With genetic testing and biomarkers comes the opportunity to use combinatorial treatments. What are the obstacles associated with taking these treatments from the lab to the patient?

"If you really want to make sure that you tailor treatments, you have to have a very broad approach and partnerships, because it will unlikely be one single company that has all of the compounds that can target all of the genetic abnormalities that drives one phenotype. Imagine that as a doctor, I have a complete understanding of the genetic make-up of what drives a specific phenotype in the patient in front of me. The best treatment would be to perhaps combine compound X from Astra Zeneca with compound Y from another company. But how do you conduct clinical trials around these possibilities? We don’t yet have a good mechanism for how to handle these opportunities because that is not how drug development is traditionally done.

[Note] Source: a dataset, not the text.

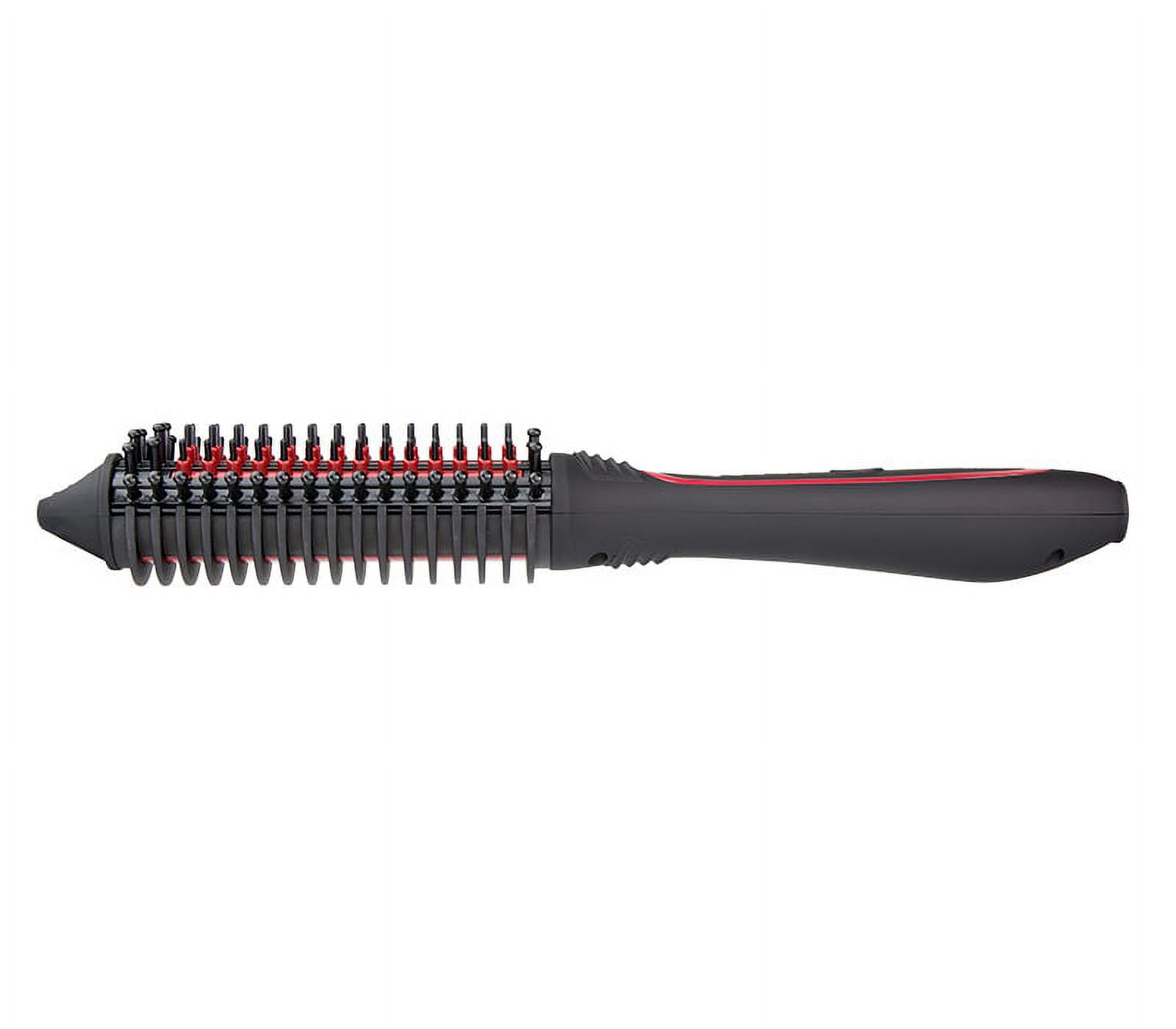 7 chambers of ceramic heat and 4 tourmaline ceramic heat conductors Heated, curved ridge back creates an ultra-smooth, high shine finish. Tourmaline ceramic coated sturdy, nylon bristles lock in moisture and reduce static Temperature control button from 250°F to 400°F to customize for any hair type Includes a pair of thermal styling gloves for styling protection

I think one important aspect of combinatorial treatments is to look at the diagnostic part. The use of circulating tumour DNA Biomarkers, liquid biopsies, might be what enables the use of the combination therapies. Improving and facilitating the process of biomarkers is an integrated part of our strategy, which has to go hand in hand with the development of medicine. You need to find the patient in the real world setting that would benefit from your medicine, so it is complex and we are not quite there yet, but it is an ambition."

Despite the complexities and challenges that we need to overcome, are you hopeful that in a not too distant future we will be able to bridge the advancement in technology with the growing cancer patient population globally?

"I am extremely hopeful. To take the example of lung cancer, not that many years back, we didn’t even have the wildest believing that we could cure non-small cell lung cancer patients or transforming them into long term survivors. Over the past years there has been a tremendous development in targeted therapies that are really substantially benefitting patients that we never thought we could manage before, so I am very hopeful.

I believe that we are just in the beginning of all of this and the more we get involved in genomics and the more we understand about the drivers of disease, the better we can tailor treatments. It is an extremely exciting moment. I am not denying the obstacles; there are obviously many things that needs to go hand in hand to be successful here, but I fundamentally believe that we all work for the same goal and we are making progress every day towards curing cancer."